▸ Exercise description
Restate word for word the lines below from the one that has "Schwarze Schnürboots von" through the one that has "Стальная кастрюля со", keeping both and dropping all pictures.

▸ Extracted records
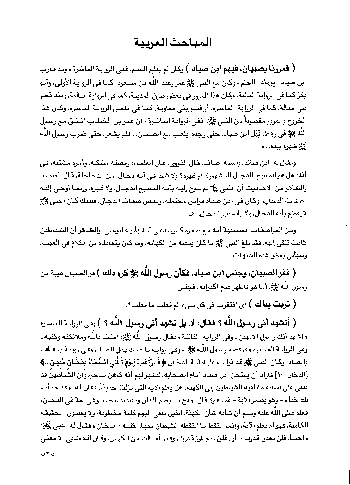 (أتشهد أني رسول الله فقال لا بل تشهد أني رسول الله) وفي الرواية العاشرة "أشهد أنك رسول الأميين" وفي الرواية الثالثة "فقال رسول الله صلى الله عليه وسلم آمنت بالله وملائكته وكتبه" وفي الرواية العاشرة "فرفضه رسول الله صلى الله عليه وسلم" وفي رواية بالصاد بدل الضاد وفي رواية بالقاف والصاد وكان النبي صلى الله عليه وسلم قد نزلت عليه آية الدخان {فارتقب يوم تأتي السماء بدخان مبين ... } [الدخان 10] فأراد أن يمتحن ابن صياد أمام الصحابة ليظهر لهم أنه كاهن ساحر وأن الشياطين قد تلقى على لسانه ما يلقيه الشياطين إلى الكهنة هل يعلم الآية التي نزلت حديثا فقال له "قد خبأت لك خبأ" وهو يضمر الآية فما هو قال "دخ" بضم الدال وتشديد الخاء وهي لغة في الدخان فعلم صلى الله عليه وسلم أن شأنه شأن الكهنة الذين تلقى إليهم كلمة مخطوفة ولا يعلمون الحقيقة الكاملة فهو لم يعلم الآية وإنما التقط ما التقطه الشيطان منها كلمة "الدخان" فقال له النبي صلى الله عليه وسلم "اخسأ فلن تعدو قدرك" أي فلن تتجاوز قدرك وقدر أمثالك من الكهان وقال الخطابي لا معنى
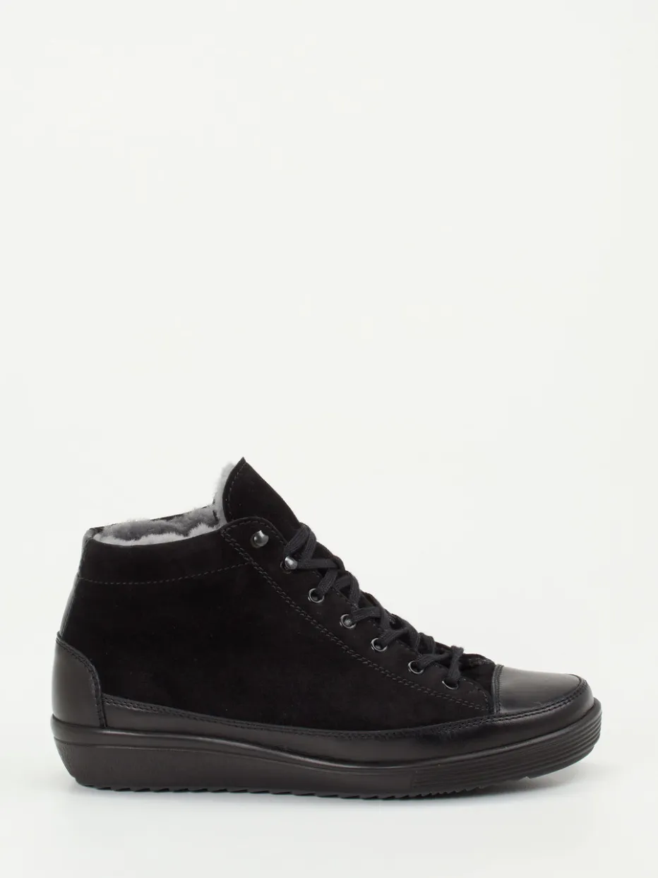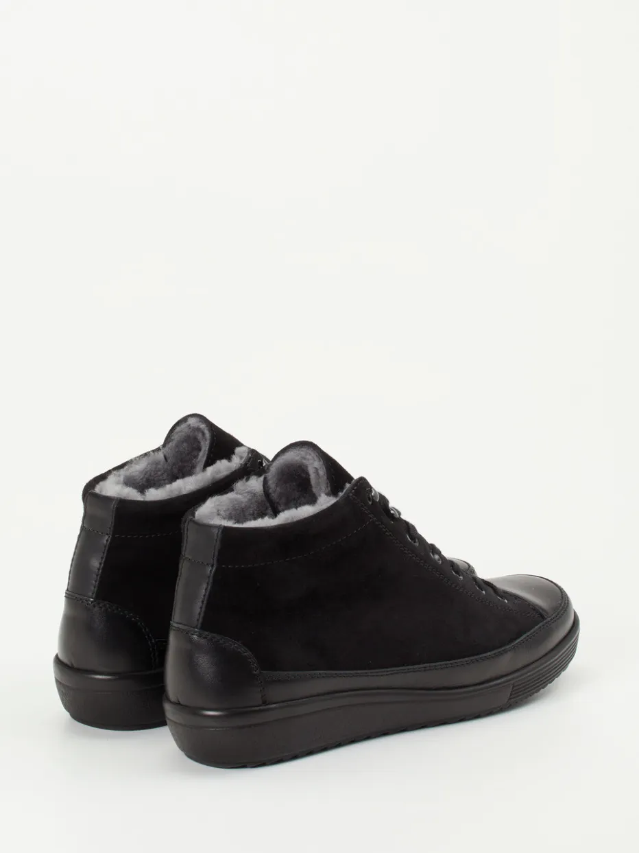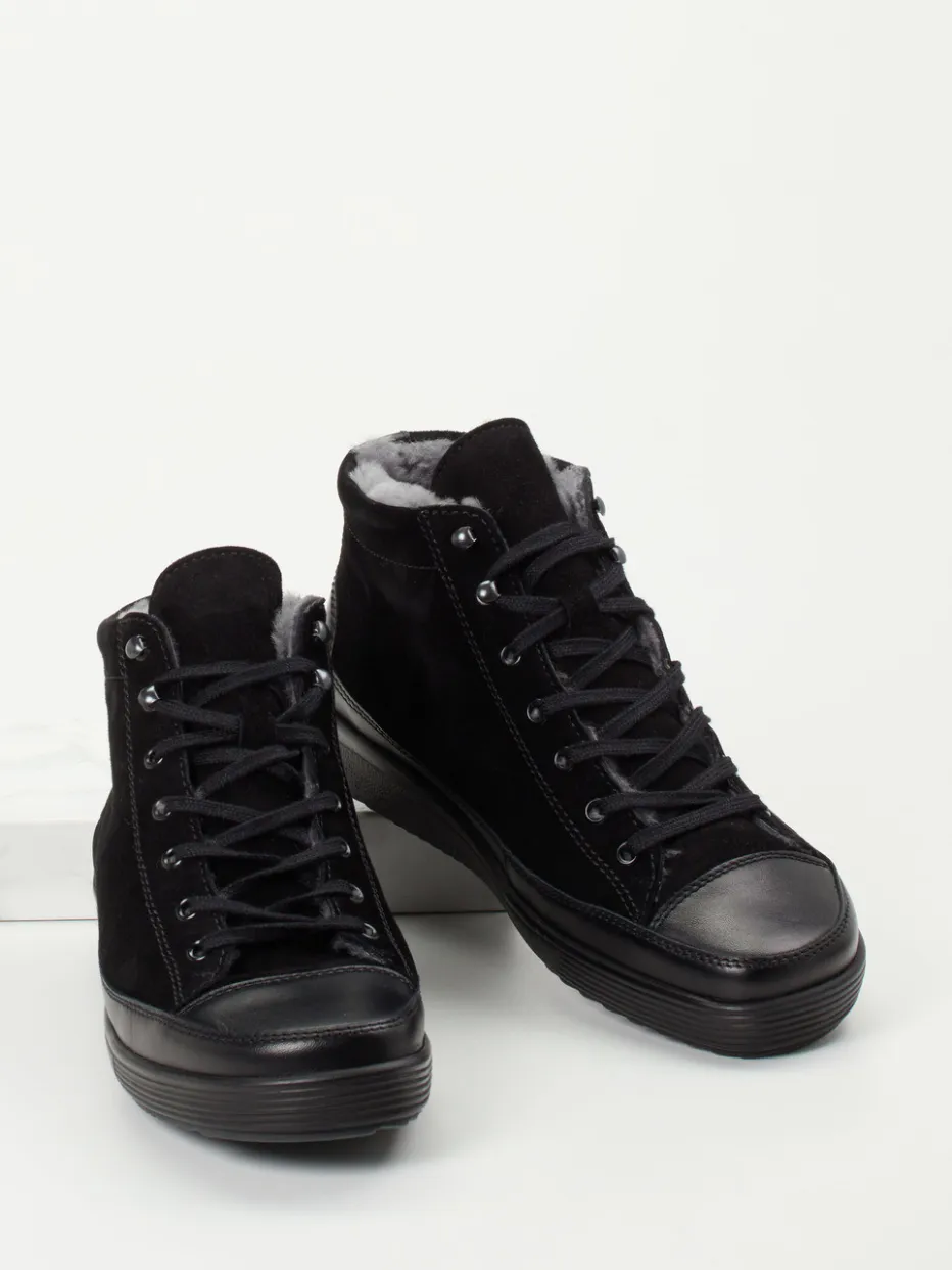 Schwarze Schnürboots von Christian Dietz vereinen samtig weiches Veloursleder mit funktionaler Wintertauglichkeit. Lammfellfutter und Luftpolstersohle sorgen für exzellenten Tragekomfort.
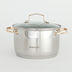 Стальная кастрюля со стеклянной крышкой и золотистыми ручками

---

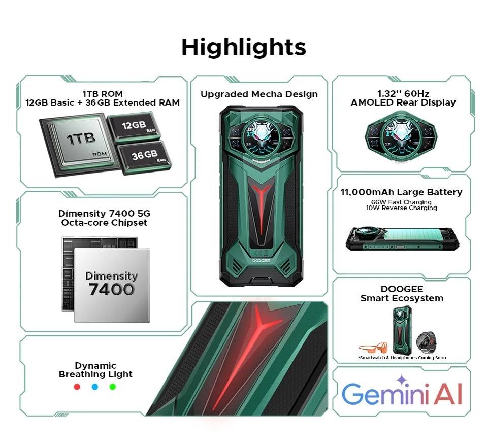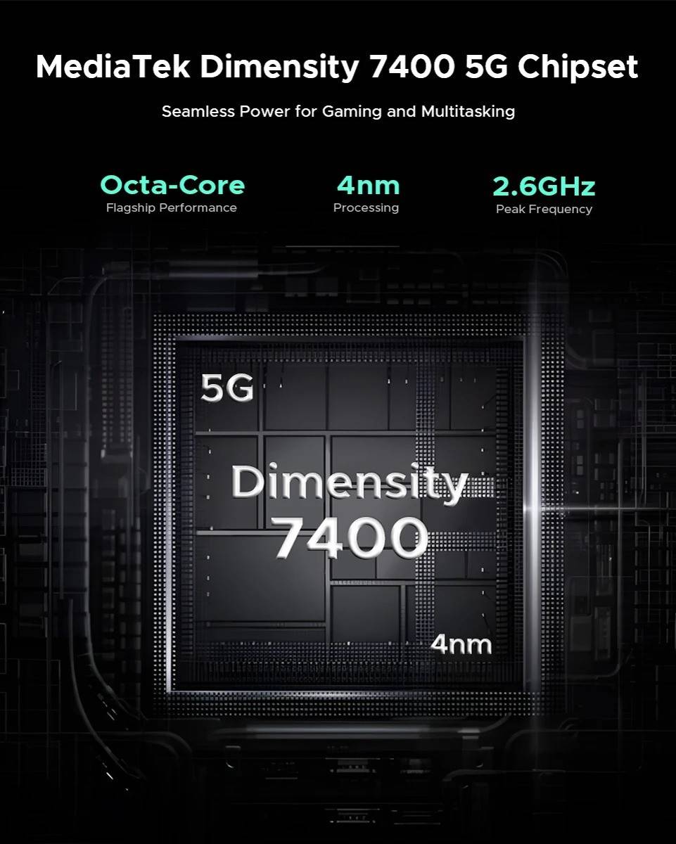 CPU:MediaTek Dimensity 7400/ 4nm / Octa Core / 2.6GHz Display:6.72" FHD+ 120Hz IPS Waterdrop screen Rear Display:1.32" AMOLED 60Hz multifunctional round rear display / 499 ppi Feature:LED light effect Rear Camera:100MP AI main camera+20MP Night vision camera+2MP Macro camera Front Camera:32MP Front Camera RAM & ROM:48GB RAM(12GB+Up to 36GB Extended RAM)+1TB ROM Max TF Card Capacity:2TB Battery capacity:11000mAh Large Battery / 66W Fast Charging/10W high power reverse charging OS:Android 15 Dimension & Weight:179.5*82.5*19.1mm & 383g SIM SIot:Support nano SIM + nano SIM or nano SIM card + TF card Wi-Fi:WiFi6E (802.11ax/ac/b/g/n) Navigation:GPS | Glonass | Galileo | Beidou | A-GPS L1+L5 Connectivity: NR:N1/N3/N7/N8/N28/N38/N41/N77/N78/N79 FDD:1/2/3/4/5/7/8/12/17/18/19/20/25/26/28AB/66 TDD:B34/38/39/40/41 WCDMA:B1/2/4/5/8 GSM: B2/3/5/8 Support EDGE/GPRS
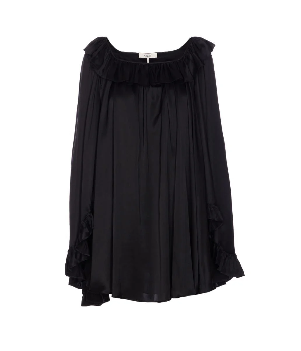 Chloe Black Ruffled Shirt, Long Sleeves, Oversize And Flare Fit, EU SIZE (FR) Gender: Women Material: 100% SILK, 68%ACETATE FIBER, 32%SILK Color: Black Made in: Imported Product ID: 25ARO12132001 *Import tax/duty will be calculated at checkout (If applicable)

▸ Exercise answer
 Schwarze Schnürboots von Christian Dietz vereinen samtig weiches Veloursleder mit funktionaler Wintertauglichkeit. Lammfellfutter und Luftpolstersohle sorgen für exzellenten Tragekomfort.
 Стальная кастрюля со стеклянной крышкой и золотистыми ручками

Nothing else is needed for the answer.